▸ WORK TO COMPLETE: Please set down, unchanged, each line from the one with "- Režimy měření: vzdálenost, souvislé" to the final line of the data below, both included. Drop the pictures.

▸ INFORMATION SUPPLIED:
════════
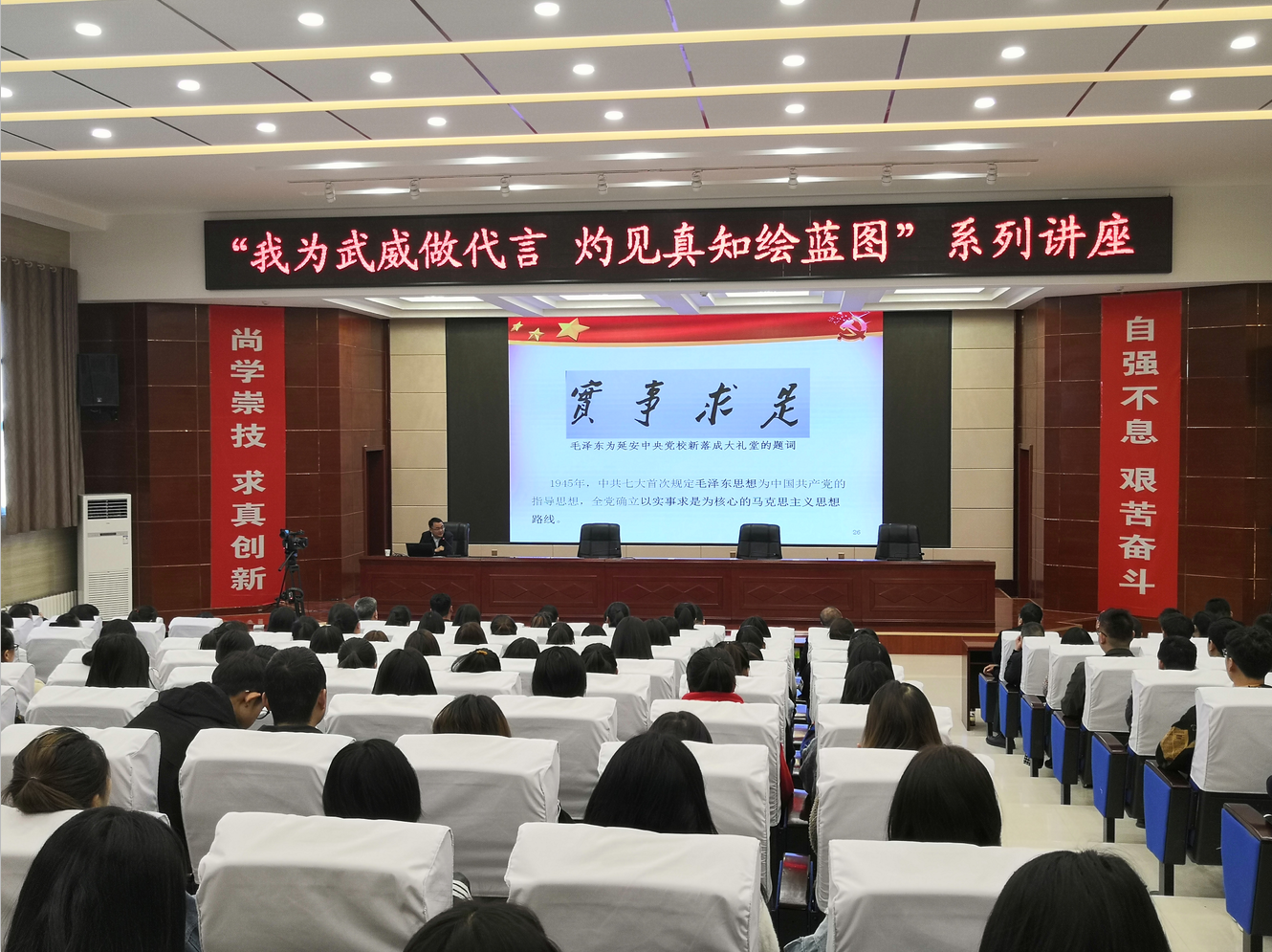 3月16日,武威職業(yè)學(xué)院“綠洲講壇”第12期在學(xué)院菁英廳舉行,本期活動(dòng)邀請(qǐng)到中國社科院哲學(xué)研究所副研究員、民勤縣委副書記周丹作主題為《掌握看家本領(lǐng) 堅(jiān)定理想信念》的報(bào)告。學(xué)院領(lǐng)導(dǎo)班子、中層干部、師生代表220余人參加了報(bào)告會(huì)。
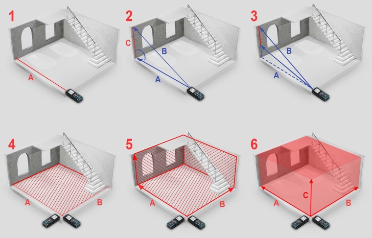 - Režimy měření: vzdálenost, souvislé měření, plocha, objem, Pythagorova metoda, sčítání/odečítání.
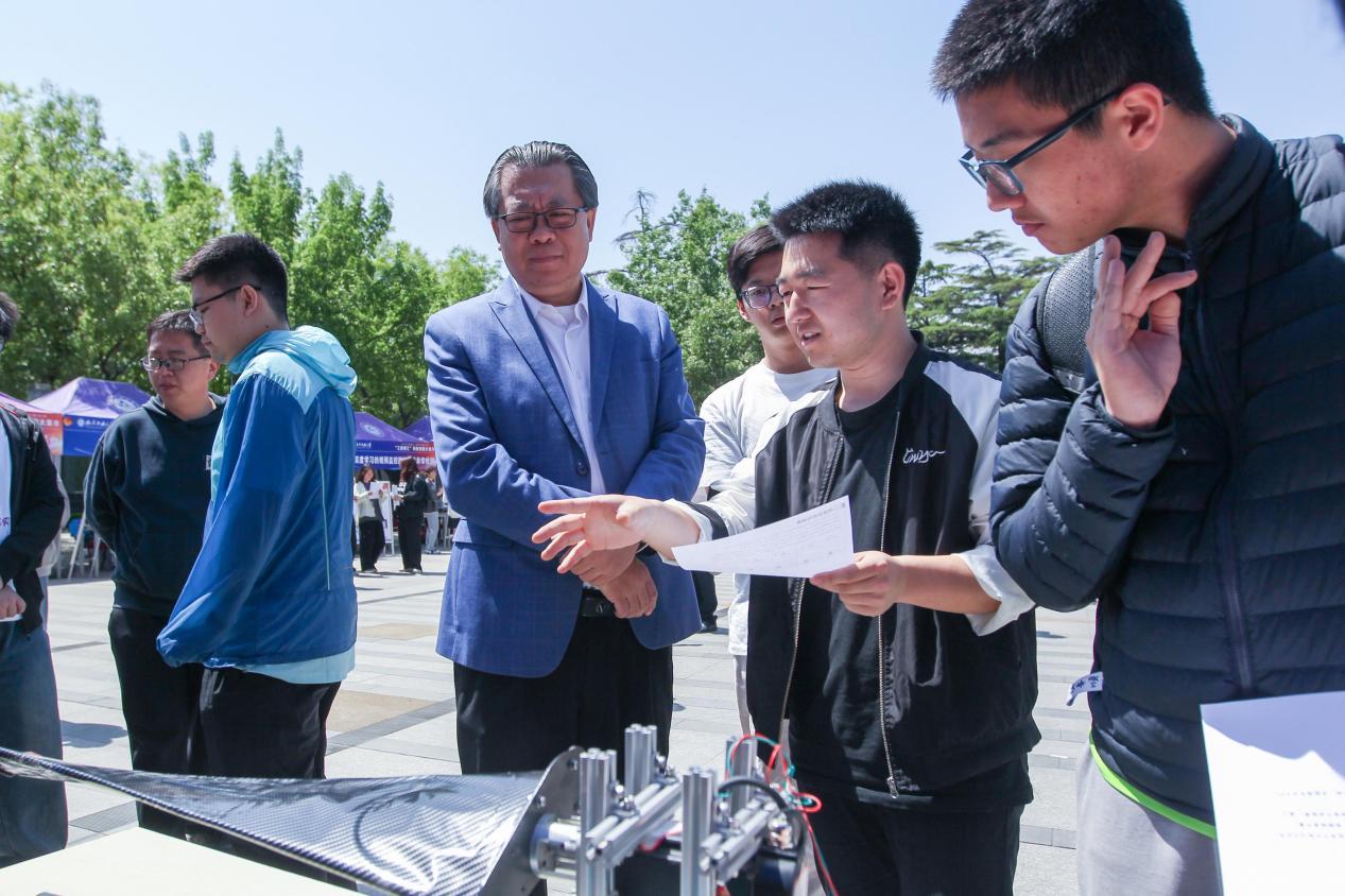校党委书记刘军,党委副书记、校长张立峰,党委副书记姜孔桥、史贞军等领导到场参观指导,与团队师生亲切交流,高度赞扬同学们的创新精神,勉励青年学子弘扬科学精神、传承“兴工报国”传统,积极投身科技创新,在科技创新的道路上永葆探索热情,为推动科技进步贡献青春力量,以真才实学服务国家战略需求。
════════
▸ SOLVED PROBLEM:
 - Režimy měření: vzdálenost, souvislé měření, plocha, objem, Pythagorova metoda, sčítání/odečítání.
校党委书记刘军,党委副书记、校长张立峰,党委副书记姜孔桥、史贞军等领导到场参观指导,与团队师生亲切交流,高度赞扬同学们的创新精神,勉励青年学子弘扬科学精神、传承“兴工报国”传统,积极投身科技创新,在科技创新的道路上永葆探索热情,为推动科技进步贡献青春力量,以真才实学服务国家战略需求。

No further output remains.